PROBLEM >> The reply should reproduce every line of the data below word for word, minus any images.

DATA >>

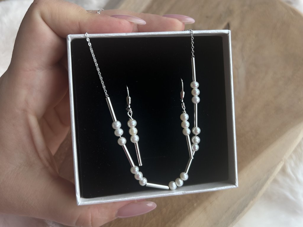 Údržba: Perly jsou citlivé – po nošení je otřete suchým hadříkem, chraňte před parfémem, kosmetikou a vlhkostí.
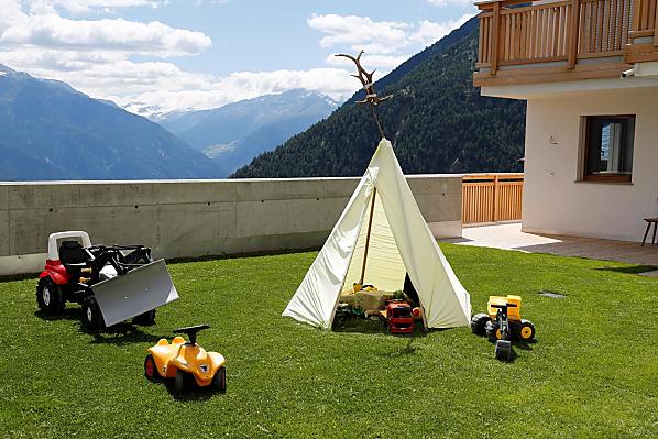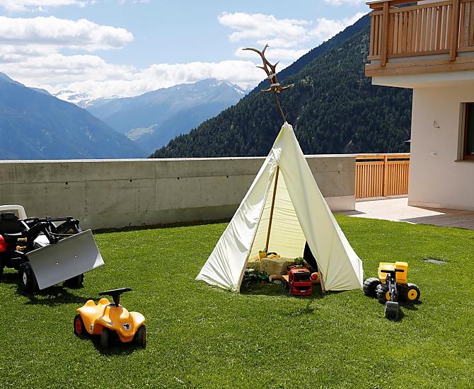 Gospodarstwo ze zwierzetami gospodarskimi znajduje sie na wysokosci 1470 m na trasie Naturnser Sonnenberg - Fuchsberg w miejscowosci Naturns u wejscia do doliny Schnalstal. Ciesz sie wyjatkowym widokiem i spokojem posród lak i lasów, z dala od dróg i halasu, w grupie Texel bezposrednio przy Meraner Höhenweg - drodze Meraner Höhenweg. Z naszego gospodarstwa prowadza liczne szlaki turystyczne do róznych punktów gastronomicznych. Aby nawet maluchy czuly sie jak w domu, mamy plac zabaw, pokój zabaw i oczywiscie codzienne wizyty w stajni, gdzie dzieci moga obserwowac i pomagac. Nasz dom wakacyjny z trzema mieszkaniami wakacyjnymi jest urzadzony w nowoczesnym stylu tyrolskim i jest "domem klimatycznym A" z kontrolowana wentylacja i ogrzewaniem podlogowym!
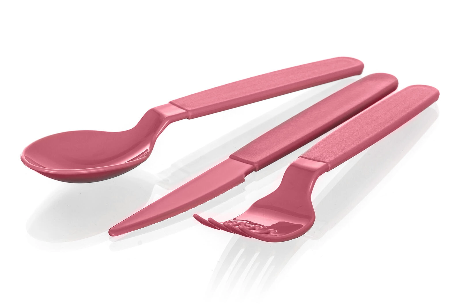 Tri kose v enotnem dizajnu: žlica, nož in vilica v temno rožnati barvi za usklajeno mizo doma in na prostem.
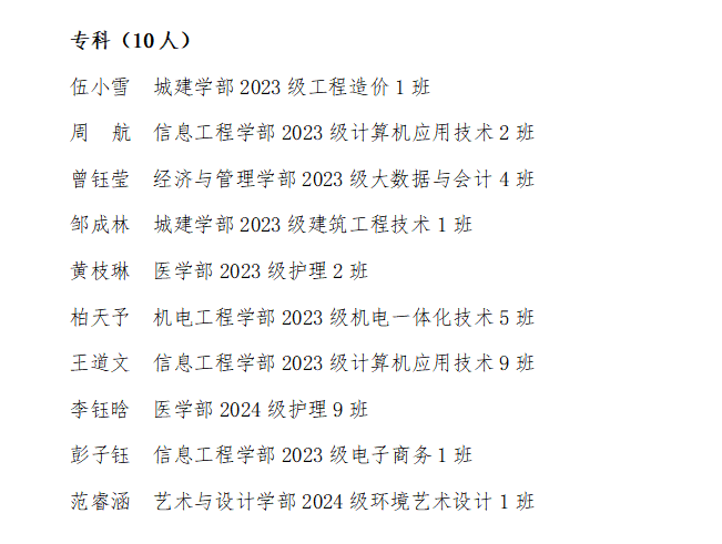 今年入围的38名候选人中有5名党员、13名预备党员、18名共青团员,6人获得过落雁十佳青年,5人获得过国家励志奖学金,4人获得过综合素质标兵。城建学部城乡规划专业2022级2班的彭若婷,连续两年在专业、德育及综合素质成绩排名专业第一,连续三年获得专业、德育奖学金,连续两年获得国家励志奖学金。荣获国家级、省级、校级奖项共40余项。信息工程学部计算机科学与技术专业2022级2班的黄凡枫GPA为4.3/5,专业德育排名第一,雅思6.5分,发明3项科研专利、4个科技创新项目。

RESPONSE >>
 Údržba: Perly jsou citlivé – po nošení je otřete suchým hadříkem, chraňte před parfémem, kosmetikou a vlhkostí.
 Gospodarstwo ze zwierzetami gospodarskimi znajduje sie na wysokosci 1470 m na trasie Naturnser Sonnenberg - Fuchsberg w miejscowosci Naturns u wejscia do doliny Schnalstal. Ciesz sie wyjatkowym widokiem i spokojem posród lak i lasów, z dala od dróg i halasu, w grupie Texel bezposrednio przy Meraner Höhenweg - drodze Meraner Höhenweg. Z naszego gospodarstwa prowadza liczne szlaki turystyczne do róznych punktów gastronomicznych. Aby nawet maluchy czuly sie jak w domu, mamy plac zabaw, pokój zabaw i oczywiscie codzienne wizyty w stajni, gdzie dzieci moga obserwowac i pomagac. Nasz dom wakacyjny z trzema mieszkaniami wakacyjnymi jest urzadzony w nowoczesnym stylu tyrolskim i jest "domem klimatycznym A" z kontrolowana wentylacja i ogrzewaniem podlogowym!
 Tri kose v enotnem dizajnu: žlica, nož in vilica v temno rožnati barvi za usklajeno mizo doma in na prostem.
 今年入围的38名候选人中有5名党员、13名预备党员、18名共青团员,6人获得过落雁十佳青年,5人获得过国家励志奖学金,4人获得过综合素质标兵。城建学部城乡规划专业2022级2班的彭若婷,连续两年在专业、德育及综合素质成绩排名专业第一,连续三年获得专业、德育奖学金,连续两年获得国家励志奖学金。荣获国家级、省级、校级奖项共40余项。信息工程学部计算机科学与技术专业2022级2班的黄凡枫GPA为4.3/5,专业德育排名第一,雅思6.5分,发明3项科研专利、4个科技创新项目。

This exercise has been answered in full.